TASK STATEMENT –
Write out nothing but the lines from the one containing "Laser cut and" through the last line below, both included, and without the pictures.

RECORDED INFORMATION –
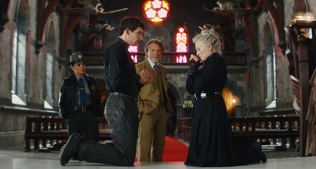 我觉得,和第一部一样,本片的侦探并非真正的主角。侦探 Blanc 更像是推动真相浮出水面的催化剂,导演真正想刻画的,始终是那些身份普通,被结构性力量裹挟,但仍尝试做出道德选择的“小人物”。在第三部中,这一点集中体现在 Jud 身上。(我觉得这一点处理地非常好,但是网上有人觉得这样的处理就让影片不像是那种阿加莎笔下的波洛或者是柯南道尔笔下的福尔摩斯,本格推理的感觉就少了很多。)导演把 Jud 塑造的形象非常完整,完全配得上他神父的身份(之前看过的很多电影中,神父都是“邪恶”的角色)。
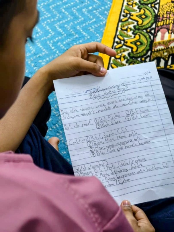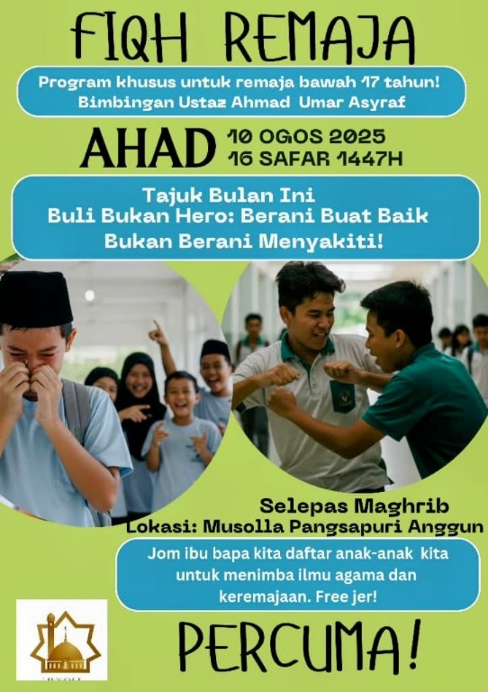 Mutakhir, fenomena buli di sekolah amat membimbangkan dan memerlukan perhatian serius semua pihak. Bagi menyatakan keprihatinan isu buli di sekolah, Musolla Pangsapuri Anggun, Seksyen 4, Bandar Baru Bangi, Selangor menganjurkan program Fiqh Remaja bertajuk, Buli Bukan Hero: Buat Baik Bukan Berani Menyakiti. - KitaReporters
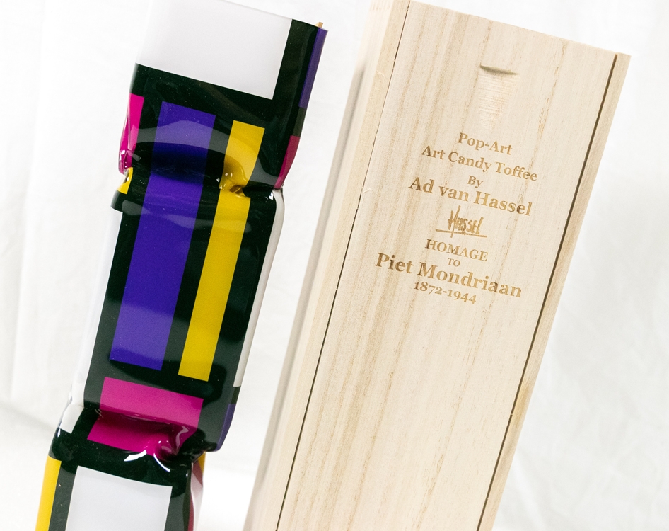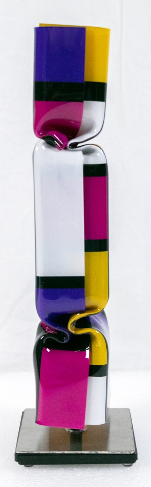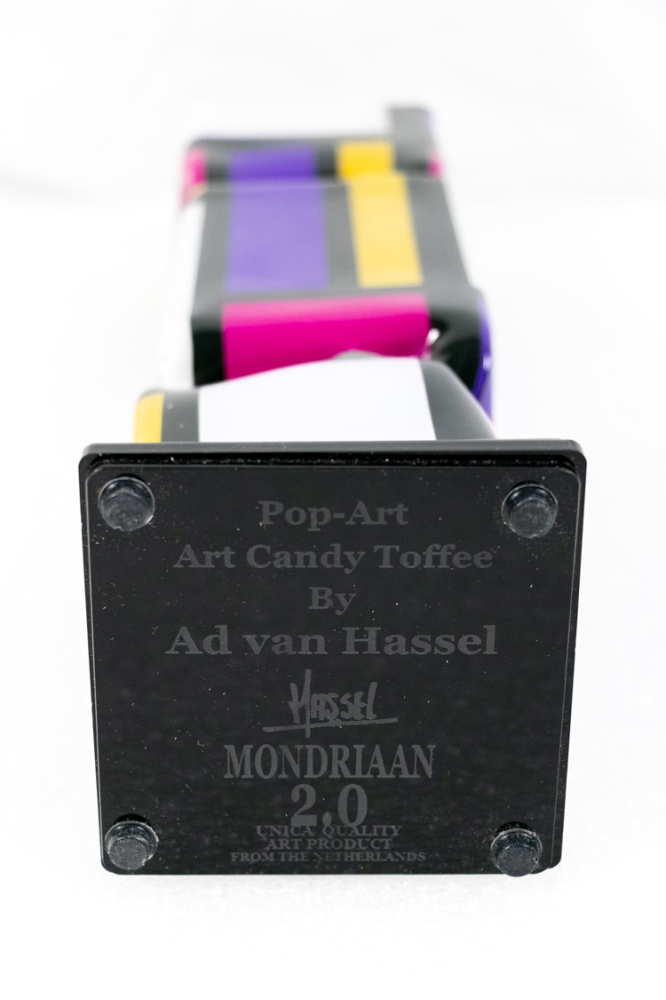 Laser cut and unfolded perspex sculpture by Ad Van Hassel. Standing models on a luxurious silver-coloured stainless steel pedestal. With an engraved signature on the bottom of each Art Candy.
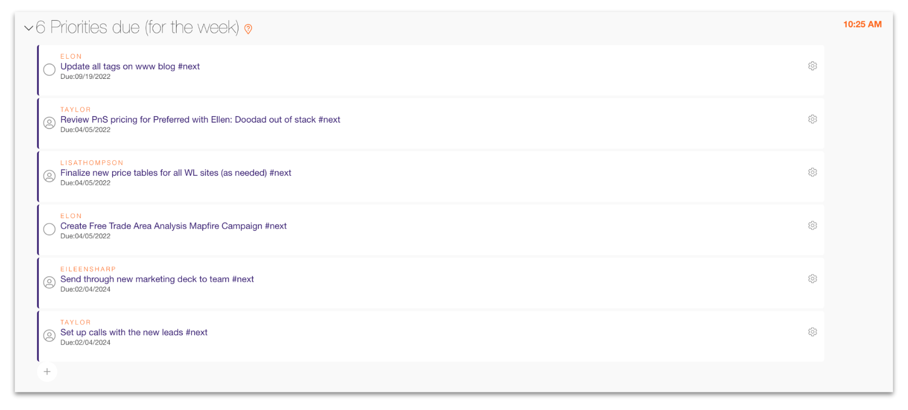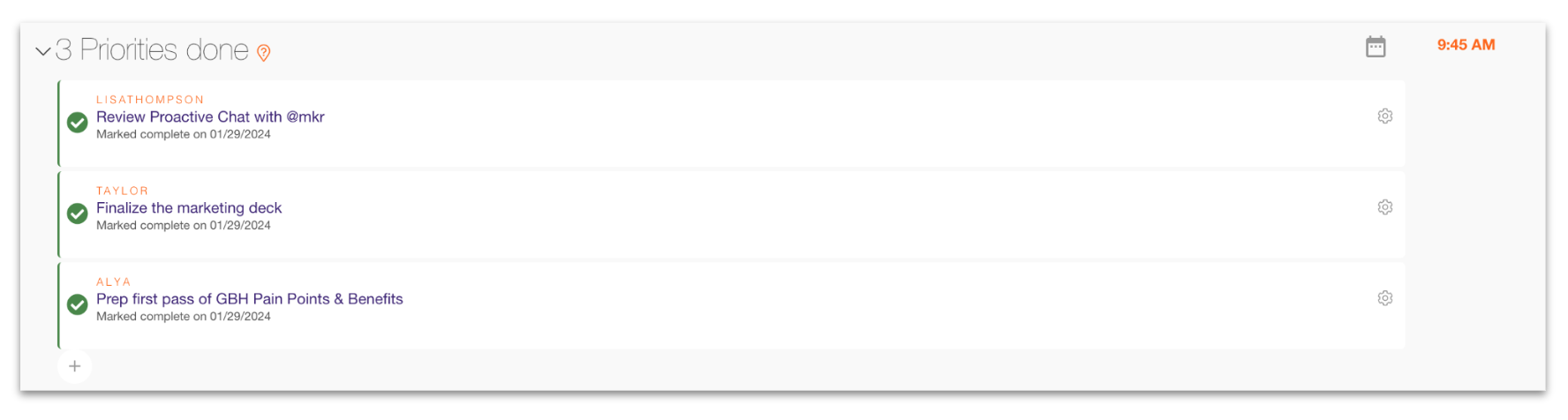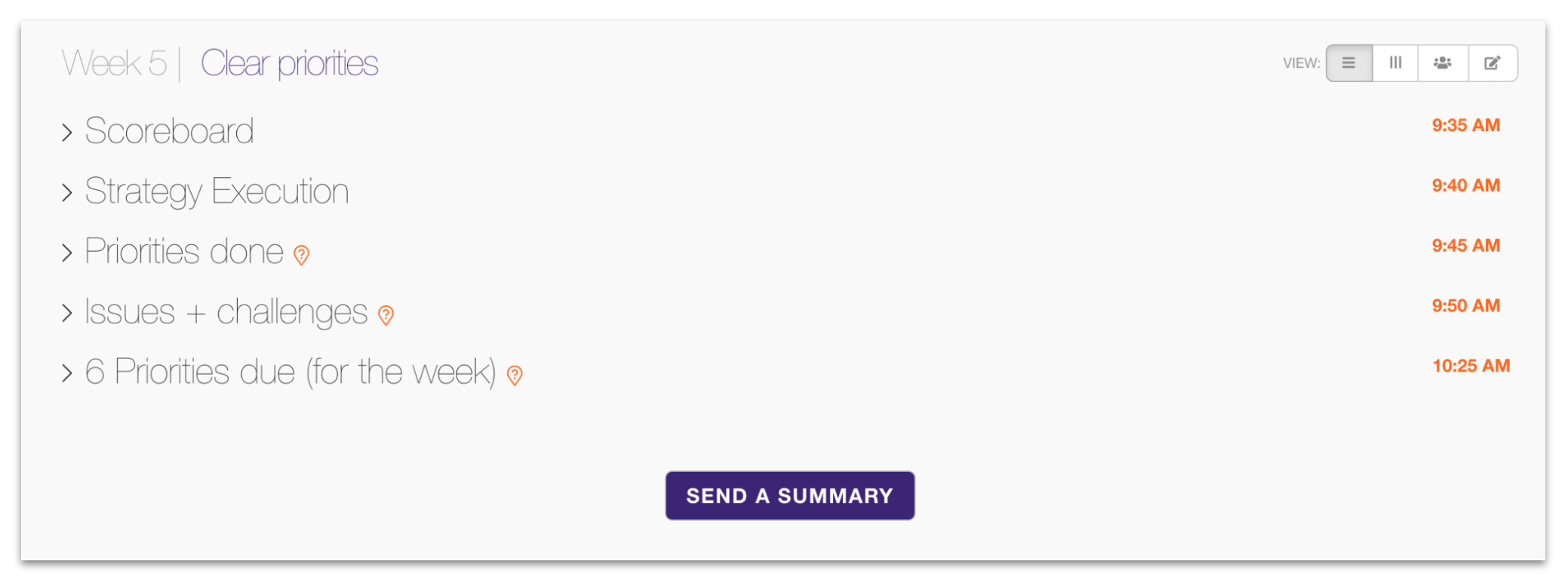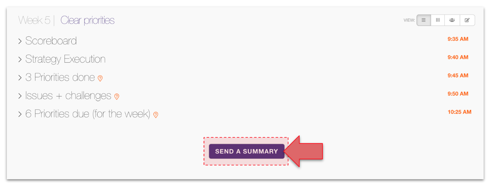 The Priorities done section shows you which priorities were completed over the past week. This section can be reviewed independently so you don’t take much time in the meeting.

RESPONSE TO THE TASK –
 Laser cut and unfolded perspex sculpture by Ad Van Hassel. Standing models on a luxurious silver-coloured stainless steel pedestal. With an engraved signature on the bottom of each Art Candy.
 The Priorities done section shows you which priorities were completed over the past week. This section can be reviewed independently so you don’t take much time in the meeting.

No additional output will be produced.